● Data listing
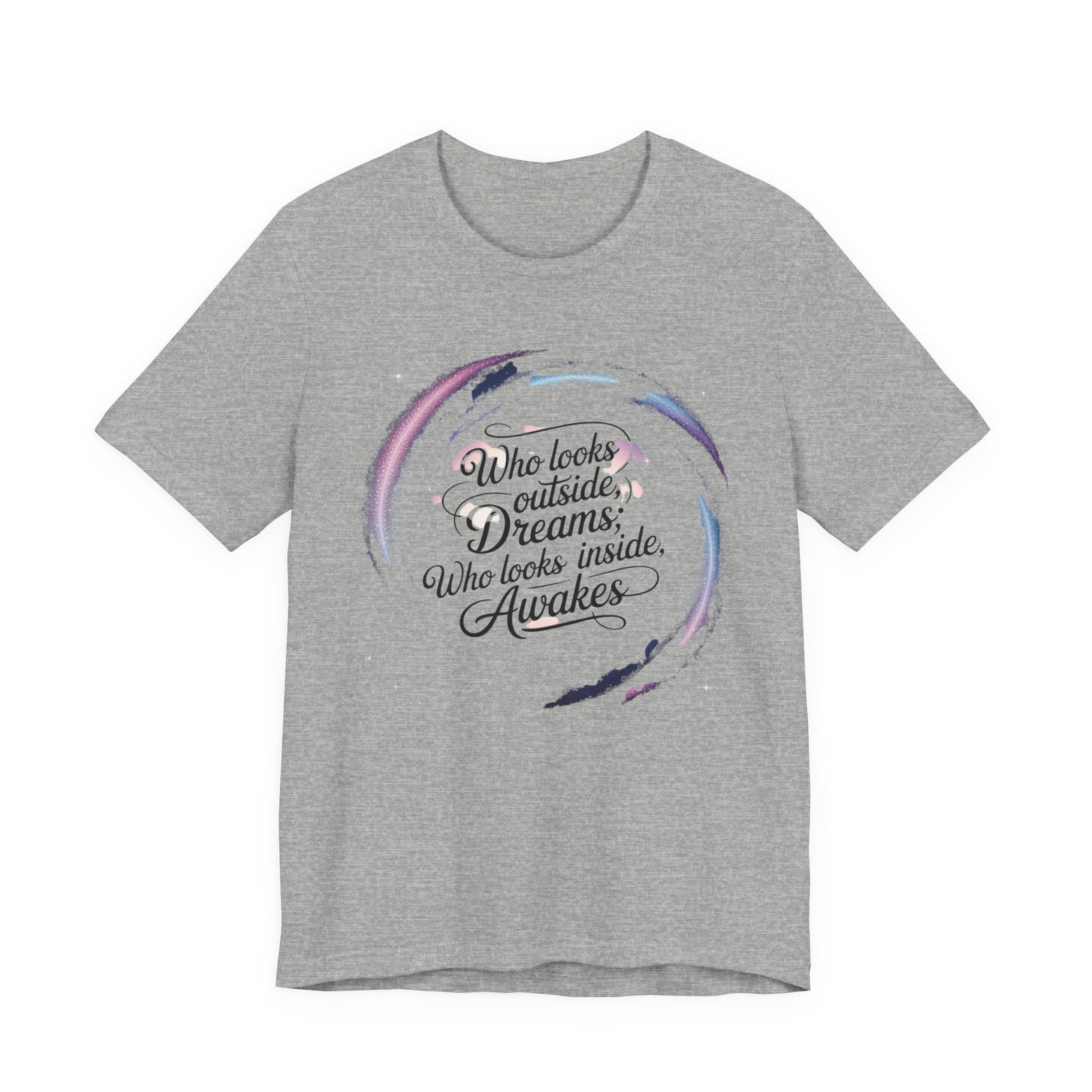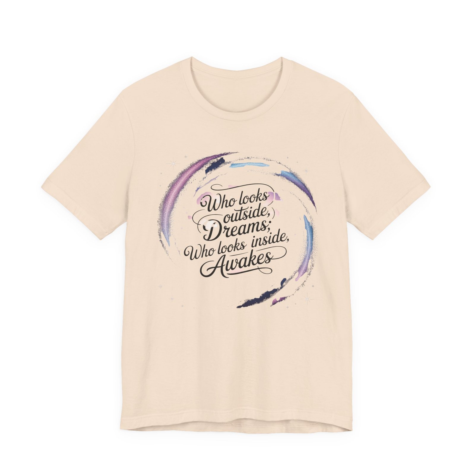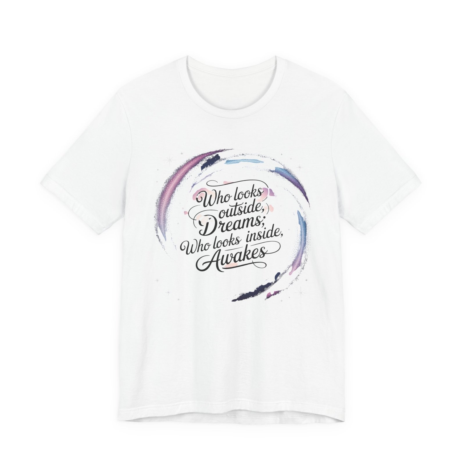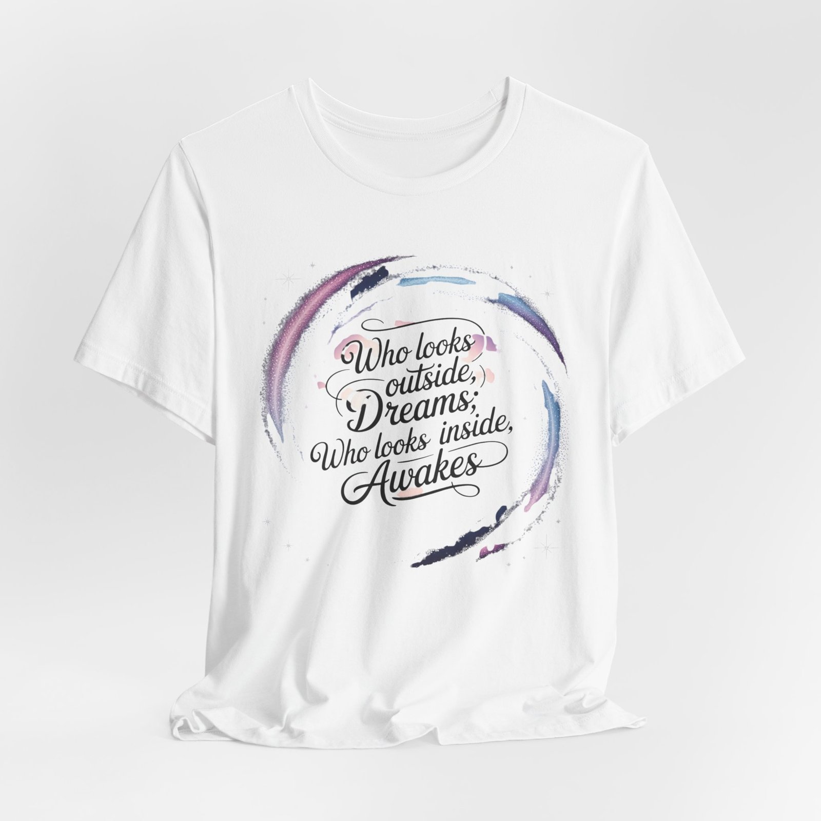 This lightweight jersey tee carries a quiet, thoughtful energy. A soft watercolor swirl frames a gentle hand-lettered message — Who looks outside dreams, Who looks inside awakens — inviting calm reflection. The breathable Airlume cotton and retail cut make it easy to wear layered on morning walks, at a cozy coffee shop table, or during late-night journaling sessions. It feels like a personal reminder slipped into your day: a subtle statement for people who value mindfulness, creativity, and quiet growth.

...

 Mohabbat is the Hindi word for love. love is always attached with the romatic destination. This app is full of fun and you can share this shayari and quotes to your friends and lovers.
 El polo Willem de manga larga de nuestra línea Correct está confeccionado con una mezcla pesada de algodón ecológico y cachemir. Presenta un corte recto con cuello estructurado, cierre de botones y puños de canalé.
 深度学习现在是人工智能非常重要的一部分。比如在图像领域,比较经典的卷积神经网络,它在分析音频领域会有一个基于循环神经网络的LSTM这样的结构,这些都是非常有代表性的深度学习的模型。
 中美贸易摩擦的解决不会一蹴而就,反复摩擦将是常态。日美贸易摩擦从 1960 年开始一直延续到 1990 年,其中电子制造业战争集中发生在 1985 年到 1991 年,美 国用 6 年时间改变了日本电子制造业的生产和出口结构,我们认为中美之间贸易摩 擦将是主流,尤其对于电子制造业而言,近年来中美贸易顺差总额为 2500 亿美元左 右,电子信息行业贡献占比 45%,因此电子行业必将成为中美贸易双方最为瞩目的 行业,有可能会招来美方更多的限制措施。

---

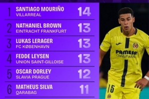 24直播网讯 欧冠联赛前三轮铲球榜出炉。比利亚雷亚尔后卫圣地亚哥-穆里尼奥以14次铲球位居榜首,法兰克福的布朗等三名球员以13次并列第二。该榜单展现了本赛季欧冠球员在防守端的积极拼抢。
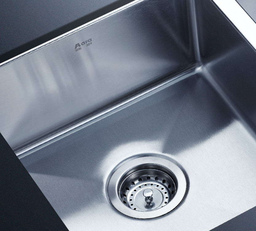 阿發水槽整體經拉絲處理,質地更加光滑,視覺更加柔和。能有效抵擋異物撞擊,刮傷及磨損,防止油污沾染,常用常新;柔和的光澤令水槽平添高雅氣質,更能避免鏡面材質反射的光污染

● Aim of the task
Using the listing above, restate exactly the range between the lines holding "24直播网讯 欧冠联赛前三轮" and "阿發水槽整體經拉絲處理,質地", inclusive, with pictures left out.

● Task solution
 24直播网讯 欧冠联赛前三轮铲球榜出炉。比利亚雷亚尔后卫圣地亚哥-穆里尼奥以14次铲球位居榜首,法兰克福的布朗等三名球员以13次并列第二。该榜单展现了本赛季欧冠球员在防守端的积极拼抢。
 阿發水槽整體經拉絲處理,質地更加光滑,視覺更加柔和。能有效抵擋異物撞擊,刮傷及磨損,防止油污沾染,常用常新;柔和的光澤令水槽平添高雅氣質,更能避免鏡面材質反射的光污染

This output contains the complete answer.